§ **PROBLEM DESCRIPTION**
Exact copy, no pictures: return only the lines below from the line with "T3ZZ ENGINE in LOTUS EXIGE" up to and including the line with "En el Plan Estratégico".

§ **LISTED RECORDS**
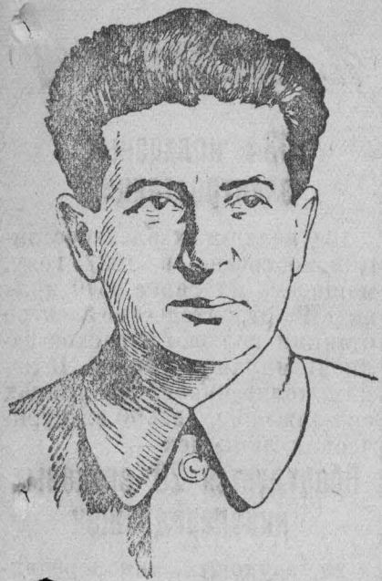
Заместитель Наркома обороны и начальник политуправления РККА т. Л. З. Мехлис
* * *
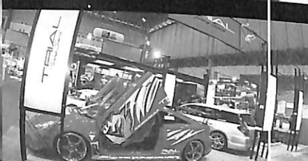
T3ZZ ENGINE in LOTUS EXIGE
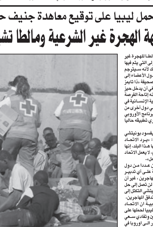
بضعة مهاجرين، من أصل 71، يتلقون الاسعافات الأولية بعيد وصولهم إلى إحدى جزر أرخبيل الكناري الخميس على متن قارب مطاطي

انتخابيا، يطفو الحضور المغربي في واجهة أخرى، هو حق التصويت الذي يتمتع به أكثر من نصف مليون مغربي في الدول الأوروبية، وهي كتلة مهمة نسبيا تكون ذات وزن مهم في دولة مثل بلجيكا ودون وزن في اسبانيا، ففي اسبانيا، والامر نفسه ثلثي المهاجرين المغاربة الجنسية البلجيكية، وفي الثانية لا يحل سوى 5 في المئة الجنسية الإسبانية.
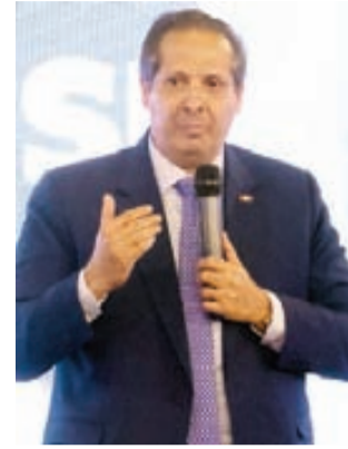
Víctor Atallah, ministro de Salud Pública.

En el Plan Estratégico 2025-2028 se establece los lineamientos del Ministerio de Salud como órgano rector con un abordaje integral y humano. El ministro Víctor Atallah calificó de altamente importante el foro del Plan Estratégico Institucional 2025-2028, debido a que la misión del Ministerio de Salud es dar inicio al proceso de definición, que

§ **YOUR RESPONSE**
T3ZZ ENGINE in LOTUS EXIGE
بضعة مهاجرين، من أصل 71، يتلقون الاسعافات الأولية بعيد وصولهم إلى إحدى جزر أرخبيل الكناري الخميس على متن قارب مطاطي

انتخابيا، يطفو الحضور المغربي في واجهة أخرى، هو حق التصويت الذي يتمتع به أكثر من نصف مليون مغربي في الدول الأوروبية، وهي كتلة مهمة نسبيا تكون ذات وزن مهم في دولة مثل بلجيكا ودون وزن في اسبانيا، ففي اسبانيا، والامر نفسه ثلثي المهاجرين المغاربة الجنسية البلجيكية، وفي الثانية لا يحل سوى 5 في المئة الجنسية الإسبانية.
Víctor Atallah, ministro de Salud Pública.

En el Plan Estratégico 2025-2028 se establece los lineamientos del Ministerio de Salud como órgano rector con un abordaje integral y humano. El ministro Víctor Atallah calificó de altamente importante el foro del Plan Estratégico Institucional 2025-2028, debido a que la misión del Ministerio de Salud es dar inicio al proceso de definición, que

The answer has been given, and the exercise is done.